Asbestos
List of Contaminants
400,000 Miles of Drinking Water Pipes
May Have Been Made With The Deadly Substance by Barbara Robson
The prospect is chilling: by best estimates, about 20 million people
have had significant exposure to cancer causing asbestos on the
job. Three hundred thousand Americans are expected to die of asbestos
related cancer in the next twenty to thirty years. Now, the deadly
substance is contaminating drinking water around the continent.
Asbestos is one of the most potent carcinogens known to man. Cancer
now claims at least one life an hour among people who inhaled it
on the job. As many as 200,000 wives and children of asbestos workers
will also grow ill merely from washing asbestos laden clothes or
being exposed at their homes.
The American Congress passed legislation in 1984 to control asbestos
hazards in the building materials of 31,000 schools attended by
some 13 million children. And asbestos is present in millions of
houses, apartments and buildings.
Now, alarming levels of invisible, needle like fibers of asbestos
have been discovered in tap water. Much of it comes from an estimated
400,000 miles of asbestos cement water pipe. Enough to circle the
globe sixteen times.
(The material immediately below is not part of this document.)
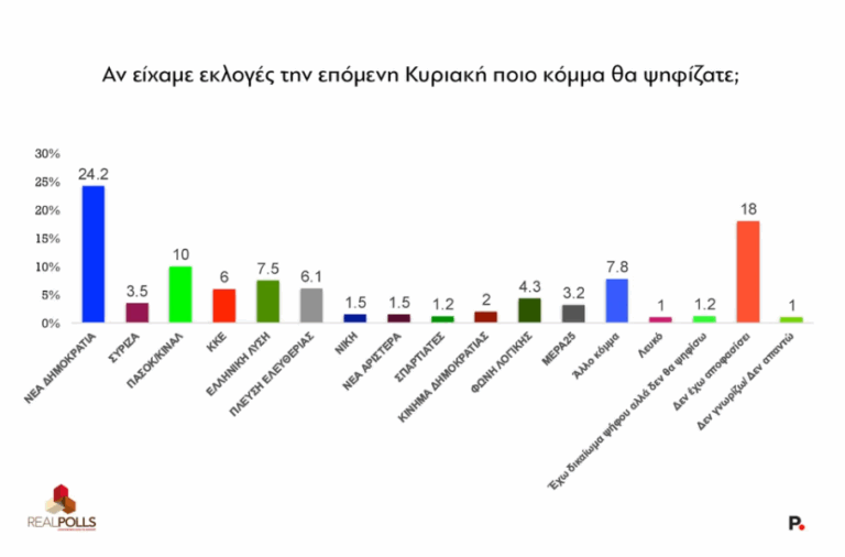 Στην πρόθεση ψήφου, η Νέα Δημοκρατία μετρήθηκε στο 24,2%, καταγράφοντας άνοδο 0,4% σε σύγκριση με την προηγούμενη μέτρηση, ενώ το ΠΑΣΟΚ-ΚΙΝΑΛ έφτασε ξανά στο διψήφιο, 10%, κερδίζοντας 1,4% από τον Οκτώβριο. Η υποχώρηση της Πλεύσης Ελευθερίας στο 6,1% (από 7,6%) έδωσε την ευκαιρία στην Ελληνική Λύση να περάσει στην τρίτη θέση με 7,5% στην πρόθεση ψήφου (από 7,2%). Πέμπτο είναι το ΚΚΕ με 6% (από 5,7%) και στην έκτη θέση (!) αναρριχήθηκε η Φωνή της Λογικής με 4,3% (από 3,8%), κερδίζοντας από την υποχώρηση του ΣΥΡΙΖΑ στο 3,5% (από 4,5%) και του ΜέΡΑ25 στο 3,2% (από 4,4%).

Buried beneath hundreds of North American cities.
Yet scientists and government officials can not agree on how serious
this hazard actually is, or even on what levels are acceptable.
"We believe asbestos breathed is a definite carcinogen",
says Dave Ryan, a press officer for the Environmental Protection
Agency, "but as far as asbestos in water, the jury is still
out".
The people of Woodstock NY know the worry first hand. In late 1985,
so much asbestos was in the tap water that it clogged the town's
pipes. Health officials warned citizens not to drink the water,
to limit showers and to keep asbestos contaminated water out of
humidifiers.
Tara Roberts, a thirty one year old business woman and mother,
is the leader of the citizen's group Asbestos Free Woodstock. When
she first heard Woodstock's health warning, she thought of her one
year old daughter, who had had a cold. On her pediatricians advice
she'd covered the crib and put a vaporizer beside it.
"I realized that the vaporizer was probably putting asbestos
into the air she breathed," Robers grimly recalls. "I
was horrified." For over a year, she has hauled gallons of
clean water home, taken dirty clothes to a laundromat that uses
well water and showered at the houses of friends with safe water.
Roberts states the 1980s message from the famous town of Woodstock:
"Any community with asbestos cement pipe either has a problem
or will soon have one."
In the past decade, asbestos contamination in drinking water has
been discovered in communities throughout North America. In 1982,
Department of Health and Human Services survey of 538 US cities
showed sixty five percent of them had some asbestos in their water.
Almost nine percent had levels that health experts say should have
signaled concern.
In Connecticut, a state that banned installing new asbestos pipes
seven years ago, 900 miles of asbestos laden pipe is still in the
ground, supplying drinking water for over 600,000 people. The Detroit
News informed 4 million water drinkers that 1100 miles of the pipe
that lay beneath them showed more than 3 million fibers in a quart
of tap water.
Asbestos cement water pipes may be anywhere in North American,
from Winnipeg Canada to Texas, and, depending on its condition may
cause people to swallow from a few hundred to hundreds of millions
of fibers every day.
Dr. Philip Landrigan is the director of Environmental and Occupational
Medicine at the Mount Sinai School of Medicine in New York. "Houses
built between 1950 and 1980, when asbestos cement pipe was in vogue
have a good chance of using water from these pipes, but on one is
certain as developers records are imperfect and good data is incomplete."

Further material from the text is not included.